» What you will do
Print the records below exactly, from the line containing "4月16日,工作人员在制作首榀箱梁。新华社发(丛刚摄)" down to the line containing "DESCRIPTION: Lovely vintage", both lines included, and omit every picture.

» Supplied information
########

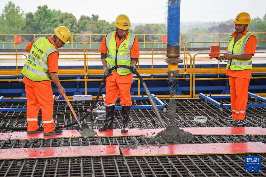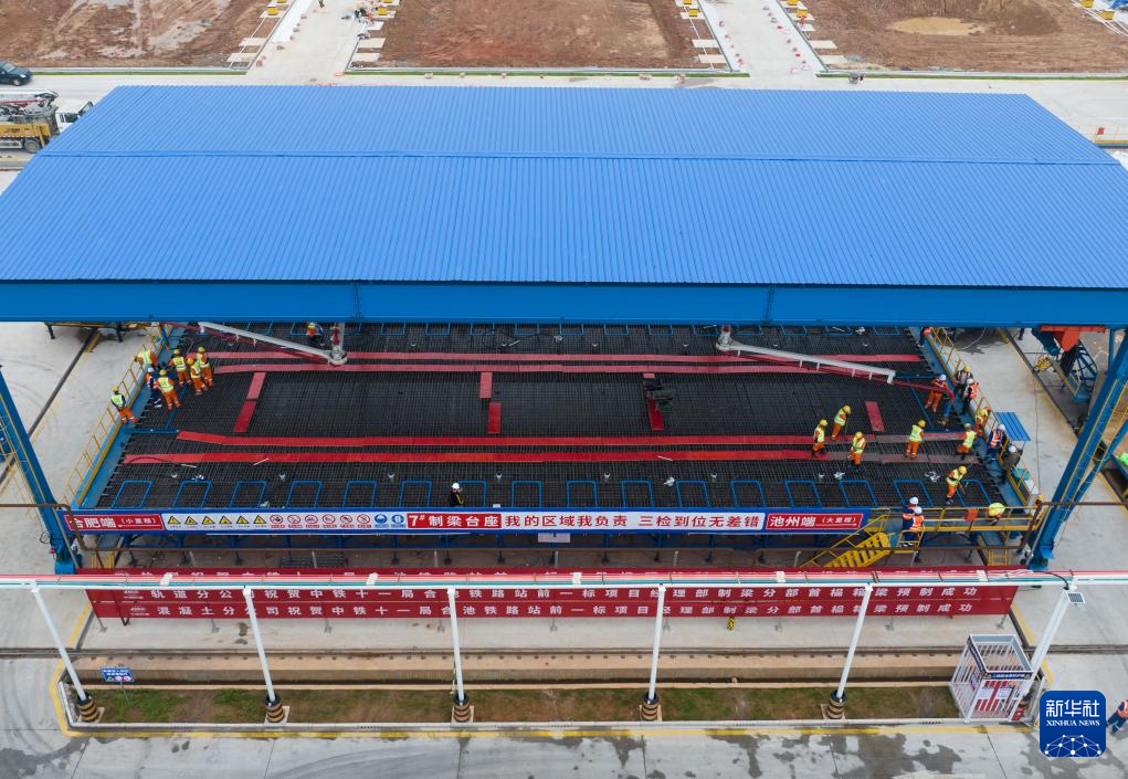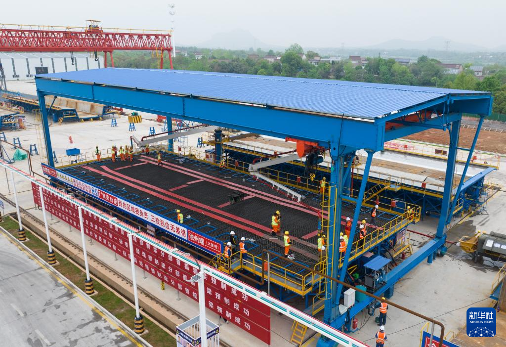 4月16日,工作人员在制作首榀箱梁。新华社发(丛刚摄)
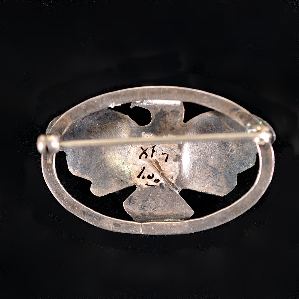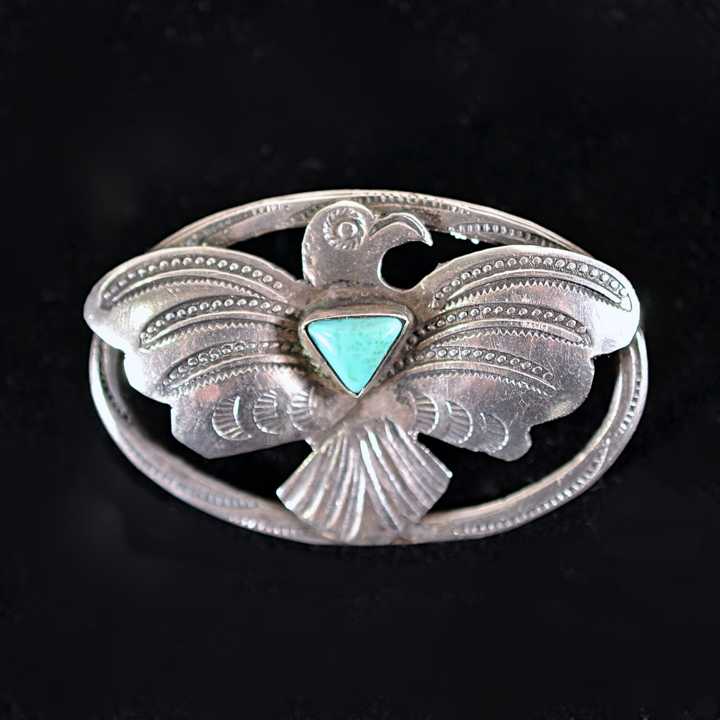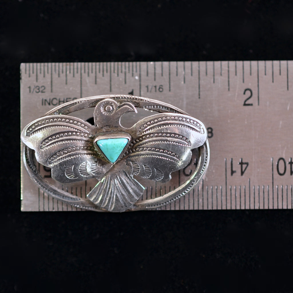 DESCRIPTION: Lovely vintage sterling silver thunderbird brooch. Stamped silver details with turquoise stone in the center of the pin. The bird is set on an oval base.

########

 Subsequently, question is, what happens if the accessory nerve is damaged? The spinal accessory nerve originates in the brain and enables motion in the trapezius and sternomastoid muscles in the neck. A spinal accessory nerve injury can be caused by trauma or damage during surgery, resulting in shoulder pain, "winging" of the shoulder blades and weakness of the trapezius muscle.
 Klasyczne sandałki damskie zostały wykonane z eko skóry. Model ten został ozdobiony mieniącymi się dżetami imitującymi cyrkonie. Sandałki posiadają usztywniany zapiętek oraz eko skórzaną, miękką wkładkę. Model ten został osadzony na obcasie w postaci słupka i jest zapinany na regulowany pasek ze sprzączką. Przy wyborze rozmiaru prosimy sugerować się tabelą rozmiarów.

########

» Answer section
 4月16日,工作人员在制作首榀箱梁。新华社发(丛刚摄)
 DESCRIPTION: Lovely vintage sterling silver thunderbird brooch. Stamped silver details with turquoise stone in the center of the pin. The bird is set on an oval base.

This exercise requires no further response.